● Input for this task:

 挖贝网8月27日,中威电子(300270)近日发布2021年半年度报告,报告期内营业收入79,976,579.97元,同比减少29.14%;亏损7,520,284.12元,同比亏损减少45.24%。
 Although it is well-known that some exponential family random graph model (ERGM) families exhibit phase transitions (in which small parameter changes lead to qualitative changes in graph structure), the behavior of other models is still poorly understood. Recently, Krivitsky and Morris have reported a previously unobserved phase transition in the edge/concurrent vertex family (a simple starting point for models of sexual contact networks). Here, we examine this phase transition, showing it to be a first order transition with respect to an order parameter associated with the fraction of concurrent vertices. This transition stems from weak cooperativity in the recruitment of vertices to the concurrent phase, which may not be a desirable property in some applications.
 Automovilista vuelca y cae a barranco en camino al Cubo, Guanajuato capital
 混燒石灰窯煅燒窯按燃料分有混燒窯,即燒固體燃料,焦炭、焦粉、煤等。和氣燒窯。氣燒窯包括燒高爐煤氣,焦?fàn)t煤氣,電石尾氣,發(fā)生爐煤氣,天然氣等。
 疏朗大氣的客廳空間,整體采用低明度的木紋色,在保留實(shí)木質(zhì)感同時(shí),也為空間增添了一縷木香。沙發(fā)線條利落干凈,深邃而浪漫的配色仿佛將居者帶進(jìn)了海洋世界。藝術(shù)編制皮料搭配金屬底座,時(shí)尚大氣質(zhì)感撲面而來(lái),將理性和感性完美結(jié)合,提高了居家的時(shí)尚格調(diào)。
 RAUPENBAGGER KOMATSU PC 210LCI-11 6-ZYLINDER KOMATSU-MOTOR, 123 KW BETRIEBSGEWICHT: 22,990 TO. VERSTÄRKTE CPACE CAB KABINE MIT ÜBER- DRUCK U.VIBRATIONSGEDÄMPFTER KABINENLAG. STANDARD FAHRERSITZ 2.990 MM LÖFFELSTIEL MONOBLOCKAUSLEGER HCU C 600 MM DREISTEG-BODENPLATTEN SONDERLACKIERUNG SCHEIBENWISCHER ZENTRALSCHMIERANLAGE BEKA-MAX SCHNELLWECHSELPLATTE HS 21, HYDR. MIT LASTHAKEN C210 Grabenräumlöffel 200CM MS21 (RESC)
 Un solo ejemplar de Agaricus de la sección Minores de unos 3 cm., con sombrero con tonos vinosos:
==
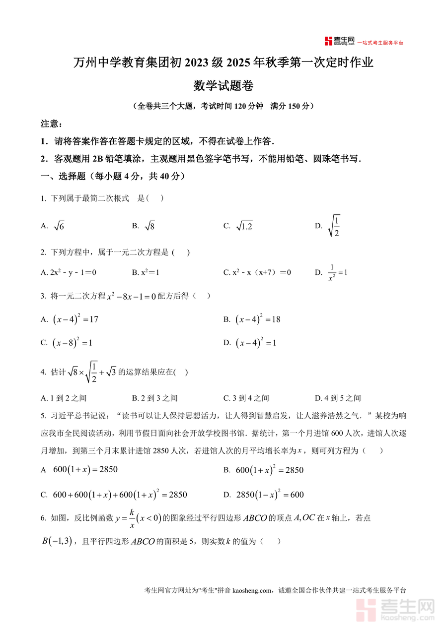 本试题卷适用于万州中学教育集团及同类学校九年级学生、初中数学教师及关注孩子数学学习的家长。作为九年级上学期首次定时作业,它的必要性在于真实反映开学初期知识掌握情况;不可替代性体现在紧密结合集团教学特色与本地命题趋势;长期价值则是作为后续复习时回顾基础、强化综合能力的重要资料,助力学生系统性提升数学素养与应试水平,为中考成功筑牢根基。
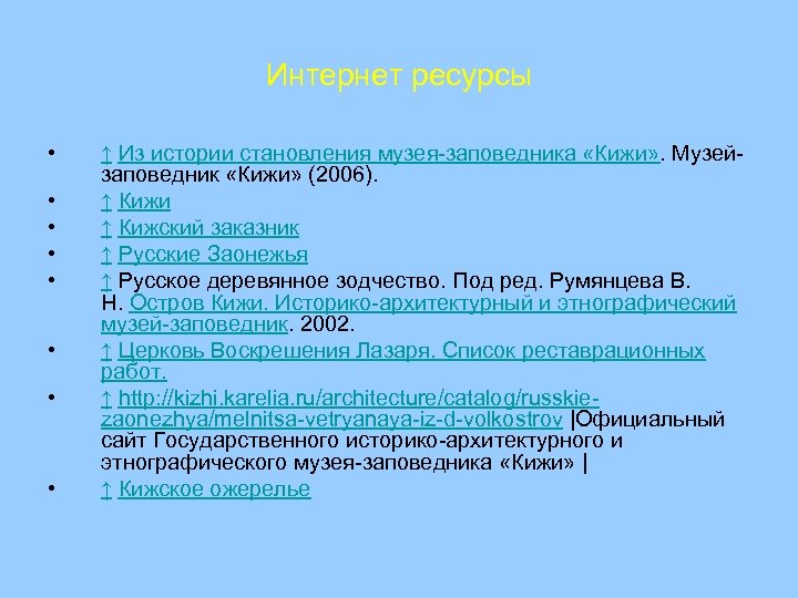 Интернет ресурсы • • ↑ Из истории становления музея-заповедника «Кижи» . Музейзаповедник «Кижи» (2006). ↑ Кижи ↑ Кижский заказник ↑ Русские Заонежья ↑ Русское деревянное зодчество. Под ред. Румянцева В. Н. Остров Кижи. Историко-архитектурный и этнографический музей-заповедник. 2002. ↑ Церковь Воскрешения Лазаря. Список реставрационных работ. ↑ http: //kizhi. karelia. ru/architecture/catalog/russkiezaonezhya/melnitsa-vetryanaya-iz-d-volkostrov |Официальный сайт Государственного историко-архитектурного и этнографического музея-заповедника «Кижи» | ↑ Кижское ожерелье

● Exercise goal: I'd like the lines above from the one with "RAUPENBAGGER KOMATSU PC" up to and including the one with "Un solo ejemplar" copied exactly, with no other lines.

● Solution for this problem:
 RAUPENBAGGER KOMATSU PC 210LCI-11 6-ZYLINDER KOMATSU-MOTOR, 123 KW BETRIEBSGEWICHT: 22,990 TO. VERSTÄRKTE CPACE CAB KABINE MIT ÜBER- DRUCK U.VIBRATIONSGEDÄMPFTER KABINENLAG. STANDARD FAHRERSITZ 2.990 MM LÖFFELSTIEL MONOBLOCKAUSLEGER HCU C 600 MM DREISTEG-BODENPLATTEN SONDERLACKIERUNG SCHEIBENWISCHER ZENTRALSCHMIERANLAGE BEKA-MAX SCHNELLWECHSELPLATTE HS 21, HYDR. MIT LASTHAKEN C210 Grabenräumlöffel 200CM MS21 (RESC)
 Un solo ejemplar de Agaricus de la sección Minores de unos 3 cm., con sombrero con tonos vinosos:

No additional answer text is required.